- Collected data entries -
[Start of section]

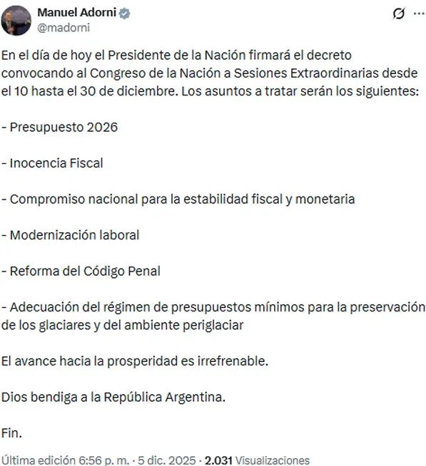 A través de sus redes sociales, Manuel Adorni -jefe de Gabinete y aún vocero presidencial- se encargó de confirmar que "en el día de hoy el Presidente de la Nación firmará el decreto convocando al Congreso de la Nación a sesiones extraordinarias desde el 10 hasta el 30 de diciembre".
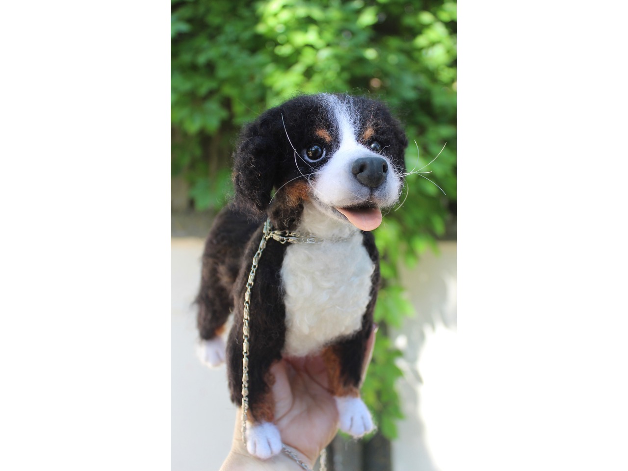 Валяна іграшка собака Бернский зенненхунд з шерсті інтерєрна пес хендмєйд скульптура войлочная
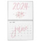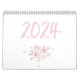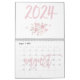 Calendrier mural moderne 2024 avec de belles illustrations de texte rose et rose écrit dans le calendrier.
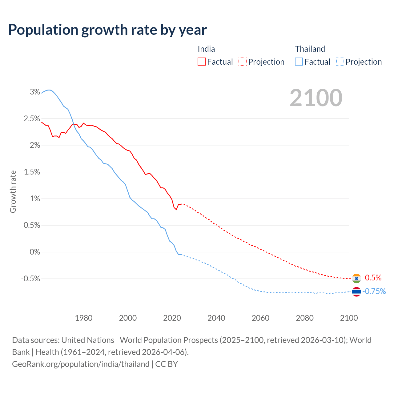 - For the last 10 years, India has had an average growth rate of +1.03% per year vs +0.23% in Thailand.
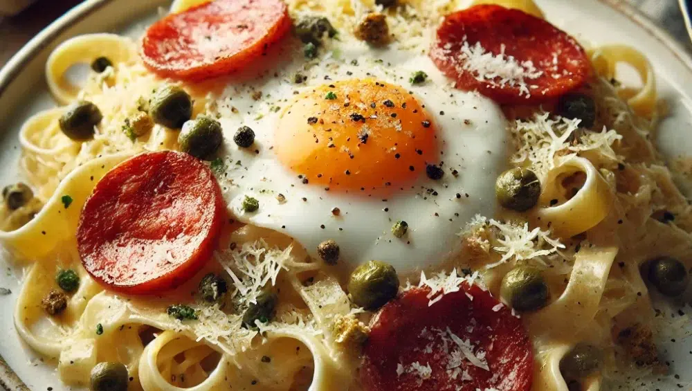 Makaron fettuccine z pepperoni to danie, które zadowoli zarówno fanów klasycznej włoskiej kuchni, jak i miłośników wyrazistych, pikantnych smaków. To idealna propozycja na szybki obiad lub kolację, którą można przygotować w krótkim czasie, a efekt końcowy zawsze zachwyca. Kremowy sos, chrupiące pepperoni i subtelny aromat czosnku tworzą połączenie, które z pewnością stanie się ulubionym przepisem w Twojej kuchni. Smacznego!

[End of section]

- Requirement -
In the entries above, find the line that contains "- For the last", then repeat exactly every line from the first one through that line, with no pictures.

- Written reply -
 A través de sus redes sociales, Manuel Adorni -jefe de Gabinete y aún vocero presidencial- se encargó de confirmar que "en el día de hoy el Presidente de la Nación firmará el decreto convocando al Congreso de la Nación a sesiones extraordinarias desde el 10 hasta el 30 de diciembre".
 Валяна іграшка собака Бернский зенненхунд з шерсті інтерєрна пес хендмєйд скульптура войлочная
 Calendrier mural moderne 2024 avec de belles illustrations de texte rose et rose écrit dans le calendrier.
 - For the last 10 years, India has had an average growth rate of +1.03% per year vs +0.23% in Thailand.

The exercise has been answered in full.